Direct action of GnRH variants on goldfish oocyte meiosis and follicular steroidogenesis

Abstract

This study investigated the effects of gonadotropin-releasing hormones (GnRH) present in the goldfish brain (sGnRH and cGnRH-II) as well as a number of other GnRH variants on the reinitiation of meiosis and testosterone production in the follicle-enclosed goldfish oocytes, in vitro. All GnRH peptides tested individually stimulated oocyte meiosis in vitro, as determined by germinal vesicle breakdown (GVBD) as well as histone H1 kinase activity, which is an indicator of maturation promoting factor (MPF) production. The GnRH peptides tested had no detectable effect on basal follicular testosterone production with the exception of lGnRH-III, which had a relatively small stimulatory effect. In the presence of gonadotropin hormone (GTH), however, both sGnRH and lGnRH-III inhibited GTH-induced meiosis and steroidogenesis, whereas other GnRH peptides had no effect on GTH-induced responses.
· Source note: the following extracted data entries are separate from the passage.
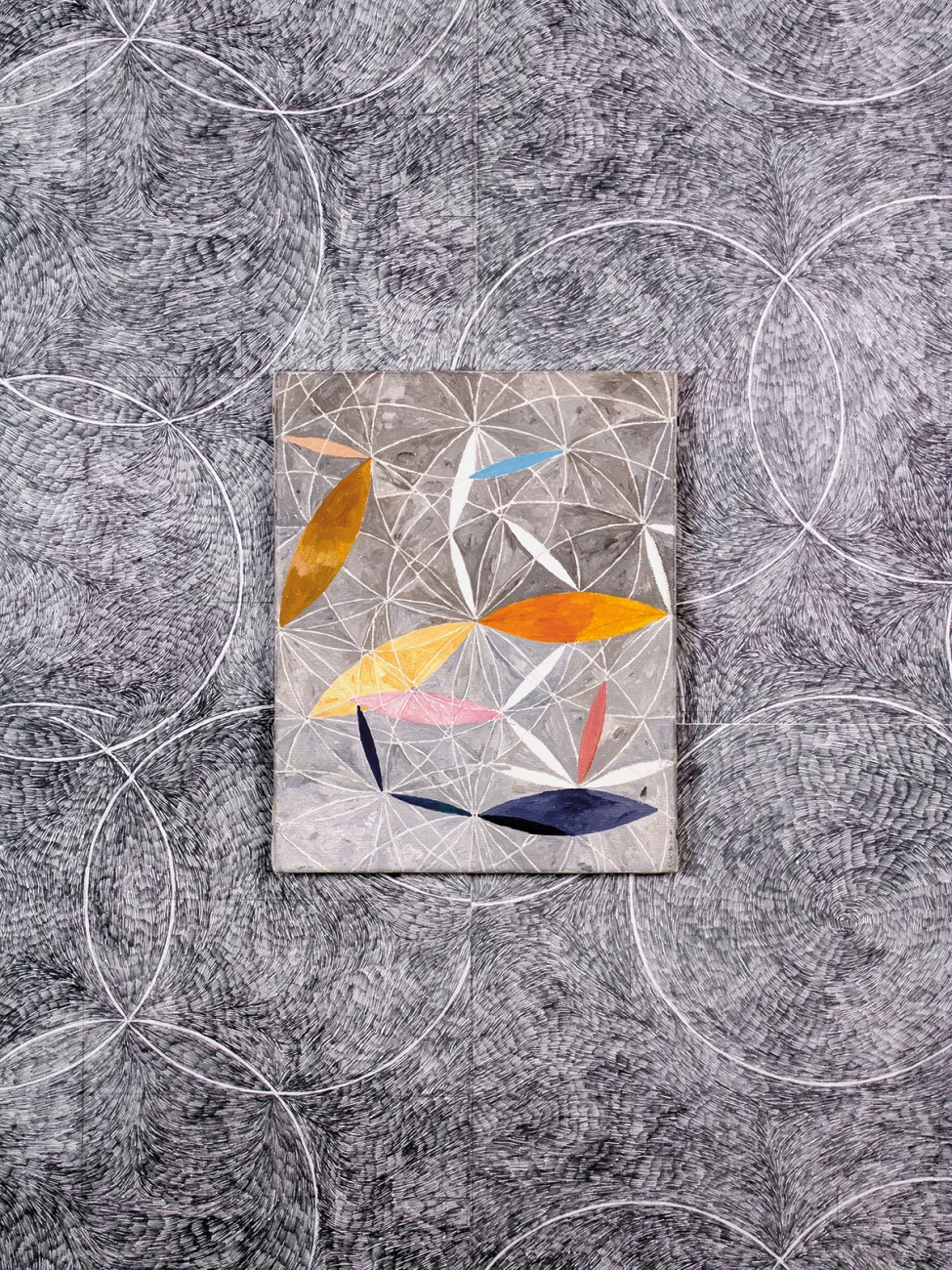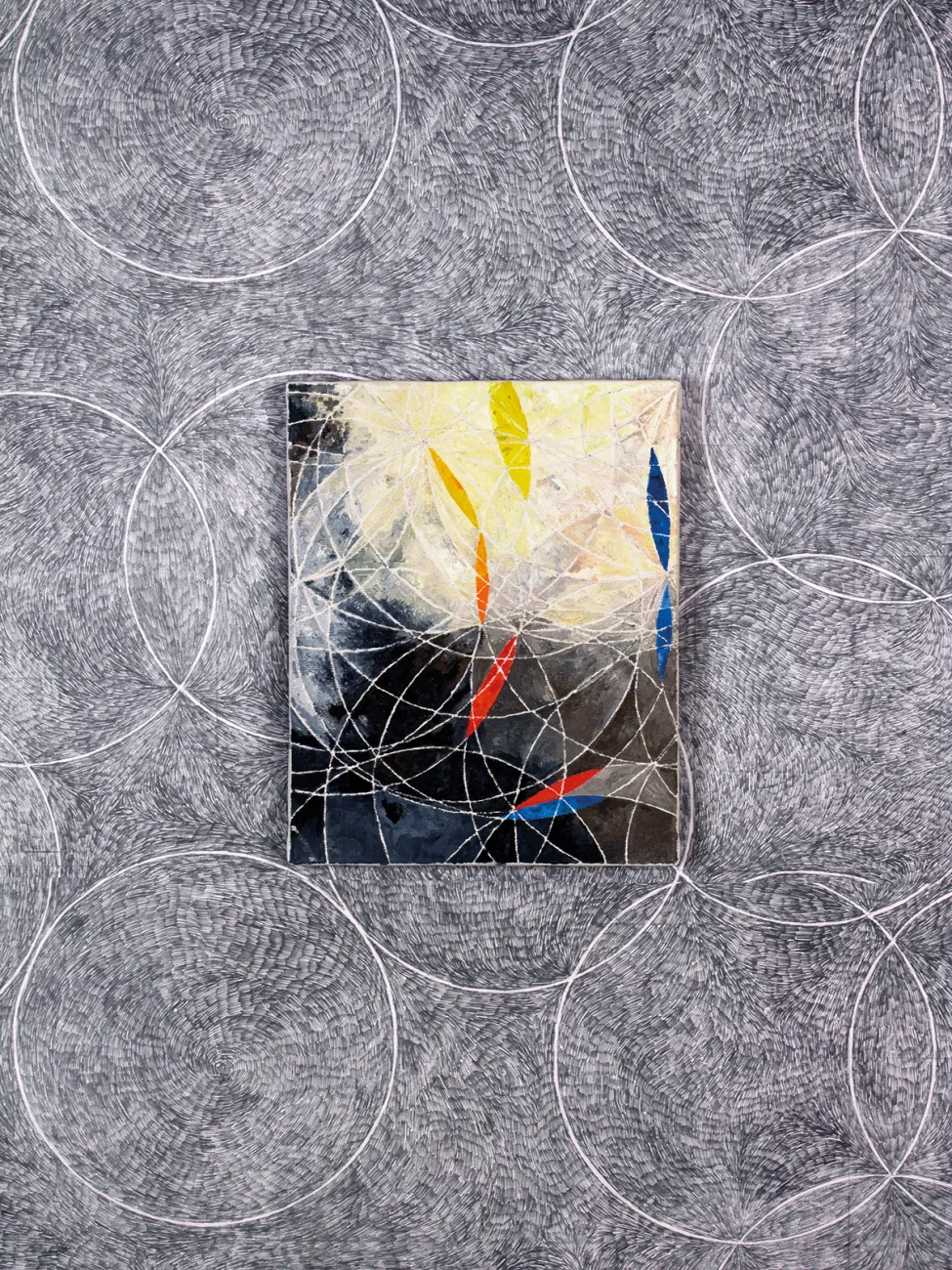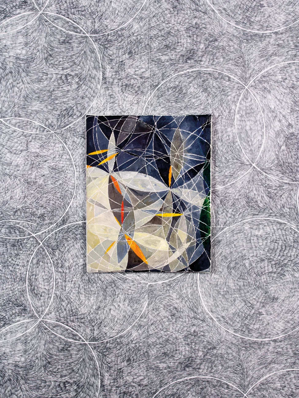 The Radar-paintings sometimes become part of an installation. They are then installed on top of offset prints, featuring a circular motif, based on a pencil drawing.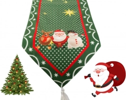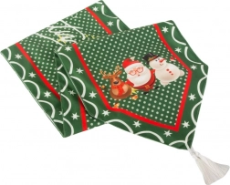 Cozy up your festive table with a stylish green runner measuring 205 × 35 cm. The pattern with Santa, a snowman and a reindeer, a red trim and decorative tassels brings a festive atmosphere to your dining and also protects the table surface from stains and scratches.
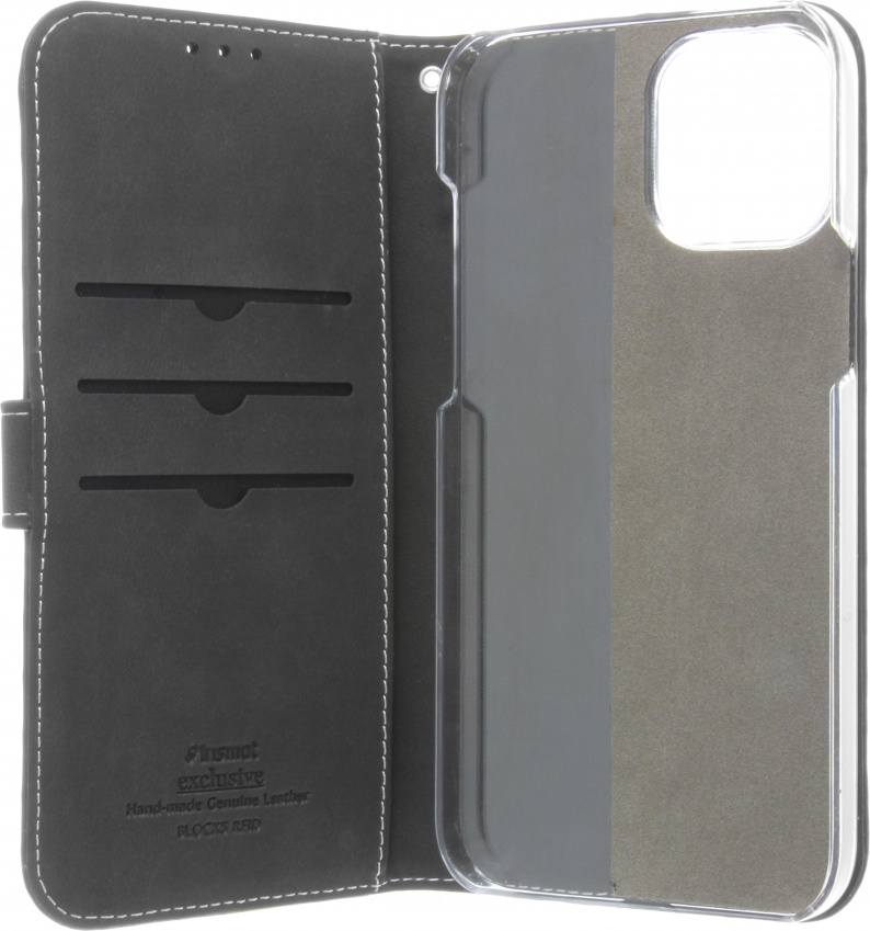 Stilig og praktisk Insmat Exclusive Flip Case lommeboketui med tre betalingskortplasser og en stor lomme til f.eks. kvitteringer eller sedler. Etuiet er laget av ekte skinn som gir en behagelig følelse, og er laget for å tåle selv den tøffeste bruk.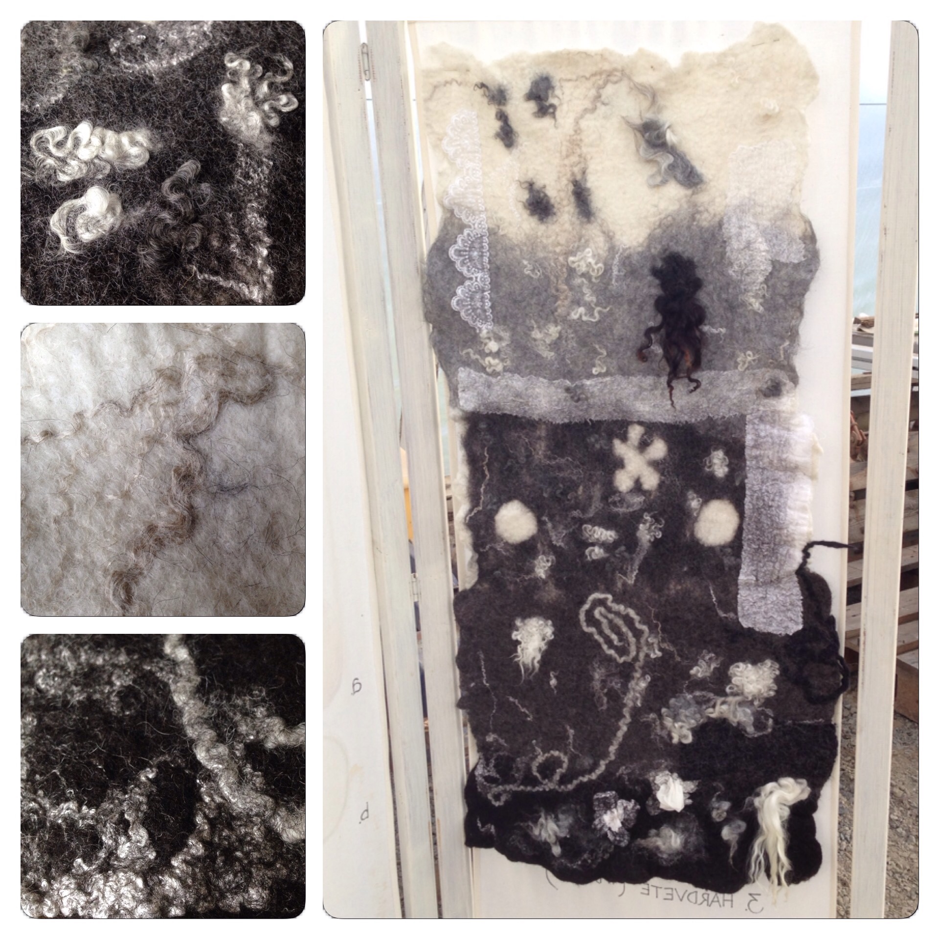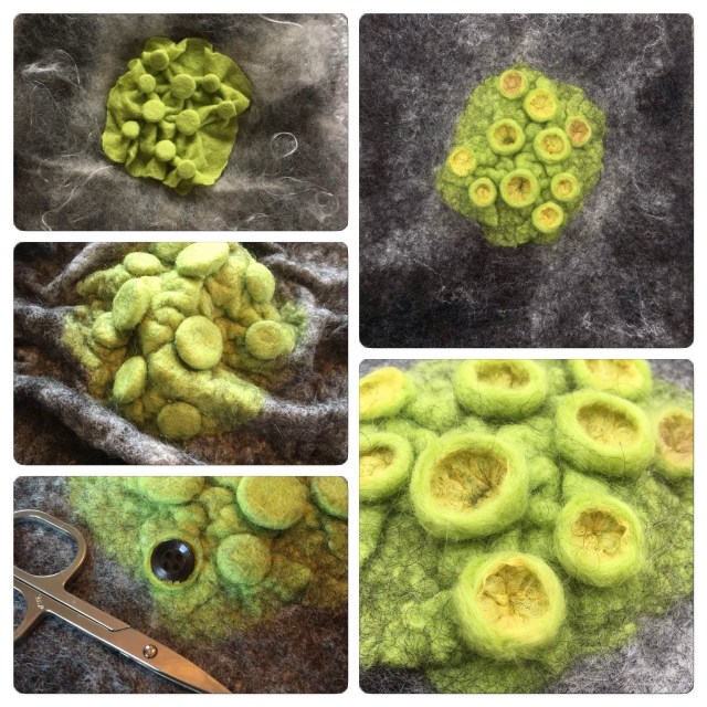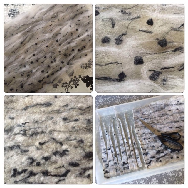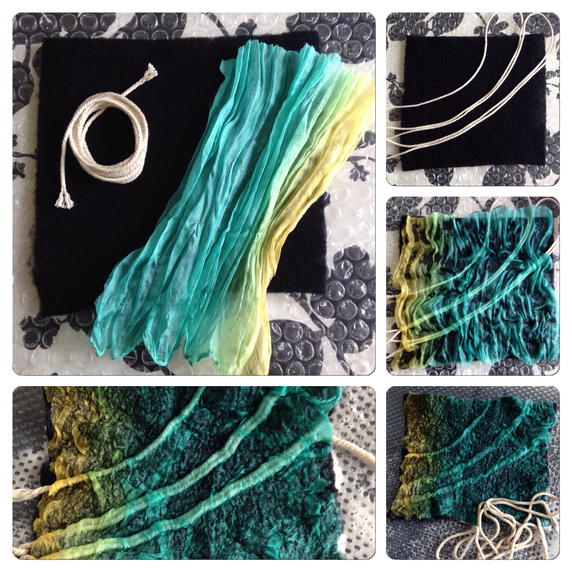 On a third, we laid out a thick cotton string between the wool and the silk fabric. I left the string in place almost until the end of the felting process, before I pulled them out.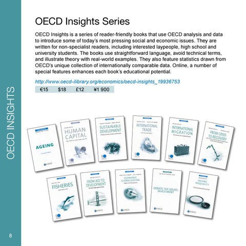 OECD Insights Series OECD Insights is a series of reader-friendly books that use OECD analysis and data to introduce some of today’s most pressing social and economic issues. They are written for non-specialist readers, including interested laypeople, high school and university students. The books use straightforward language, avoid technical terms, and illustrate theory with real-world examples. They also feature statistics drawn from OECD’s unique collection of internationally comparable data. Online, a number of special features enhances each book’s educational potential.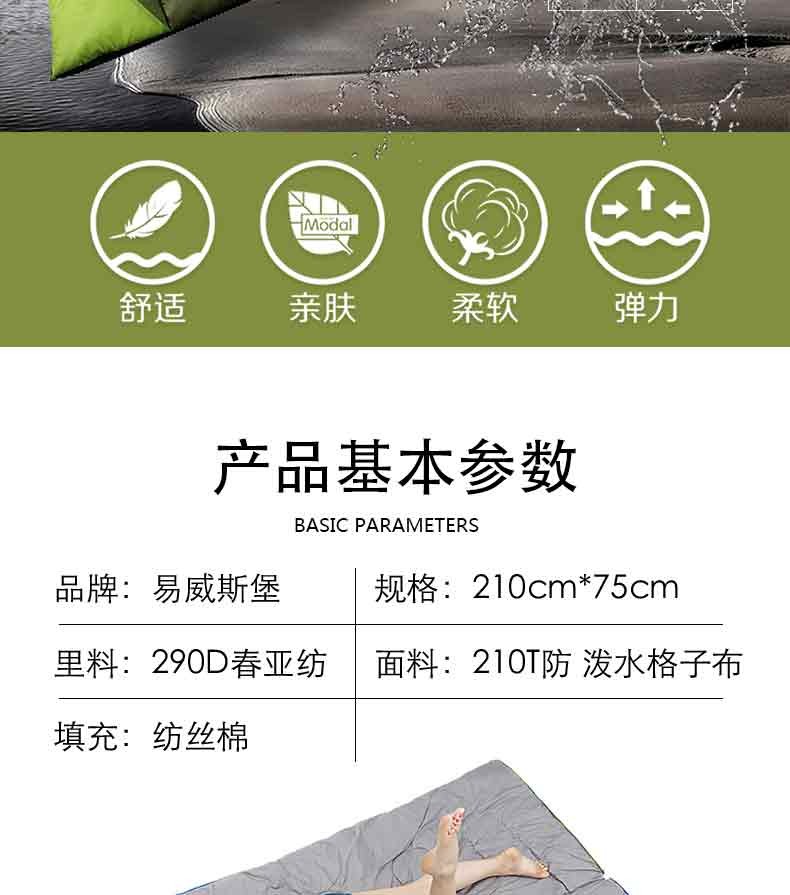 商品名称:易威斯堡(EasySport)午休露营睡袋 豪华四季睡袋 活动奖品

Addition of a GnRH antagonist effectively blocked the stimulatory effect of all GnRH peptides on oocyte meiosis, but was without effect on the inhibitory actions of sGnRH and lGnRH-III on GTH-induced meiosis, suggesting the involvement of different pathways mediating the stimulatory and inhibitory actions of sGnRH and lGnRH-III. These GnRH peptides were found to bind to the GnRH receptors in the goldfish ovary with different affinities (equilibrium association constant, K a). The findings provide novel information on the activity of GnRH variants in the goldfish ovary and provide a strong support for the hypothesis that GnRH plays a paracrine/autocrine role in the regulation of ovarian function in goldfish.